So, how does this apply to this fine Republican senator?   Grassley, it seems, feels that there is a role to be played by the federal government in decisions relating to how corporate profits must be spent, invested or disbursed.  Grassley is now on record as wanting (the rhetorical equivalent of “demanding”) that oil companies “donate” 10 percent of their profits to help poor Americans pay their heating bills.  Grassley sent letters to oil companies outlining his request; letters he claims to have sent to “embarrass” the oil companies into contributing to the Low Income Home Energy Assistance Program (LIHEAP). Embarrass?  I don’t think so.  The right word here would be “intimidate.”  Grassley says “It’s not unreasonable to expect corporations with 50, 75 or 100 percent growth in earnings this quarter to contribute a mere 10 percent of those profits to fund programs that supplement LIHEAP.  In those letters Grassley also asked that these oil companies report to him on their recent charitable contributions. 

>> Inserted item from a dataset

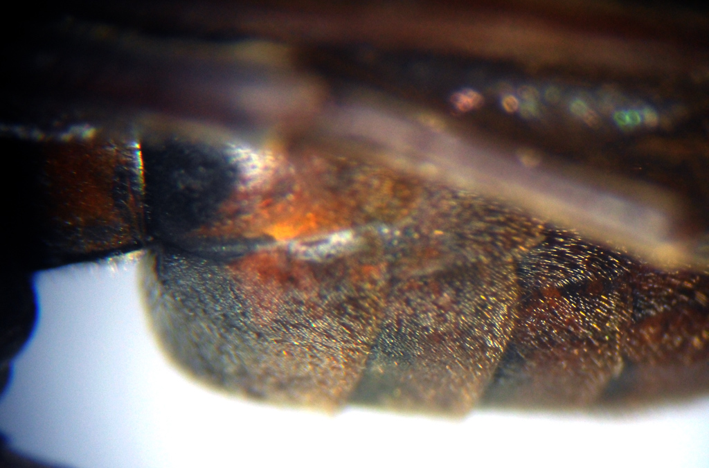 Si riconosce facilmente per la colorazione e il secondo sternite particolarmente sporgente alla base.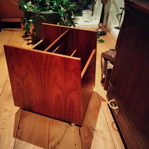 Nydelig teak radio, selges da jeg ikke har plass til den. Åpen på baksiden, slik at den kan brukes som TV-benk. Det er bare en glassplate, inne i radioen, så den fungerer ikke.

Let’s try to get on the reality train of thought here for a moment.  Grassley isn’t asking these corporations to fork over the money.  He’s telling them.  It doesn’t take much of a businessman to know that when the chairman of the U.S. Senate Finance Committee starts writing letters about “donations” and “contributions” the implied threat of government force and/or retribution literally oozes from the envelope.

While some may be surprised to hear such anti-free enterprise mutterings from the person of a senior Republican U.S. Senator, I’m not.  Just chalk this up to another reason why I stopped paying dues to the Republican Party years ago, and started writing those checks instead to the Libertarian Party.  No economic system in the history of civilization has done so much to lift so many people out of abject poverty as has free enterprise, the dynamic of a free people working together under a system that protects economic liberty.  The Republicans now seem to be less than content with merely taxing the living (insert expletive here) out of the corporations and businesses who fuel our economy, now they want to dictate just how the profits that are left after the taxman leaveth are disbursed!  Today it’s a demand for donations to heat poor folk’s homes.  Tomorrow we’ll be demanding that America’s homebuilders donate a portion of their profits to build low-income (soon to be trashed) housing.  Next automakers will be told to contribute some profits to public transportation initiatives.

It doesn’t seem to be enough to political power players like Grassley that they have billions of dollars in corporate taxes to spend on their vote-buying schemes.  The new nirvana will be to control the disbursement of corporate profits as well.

Did anybody hear someone say the “f” word?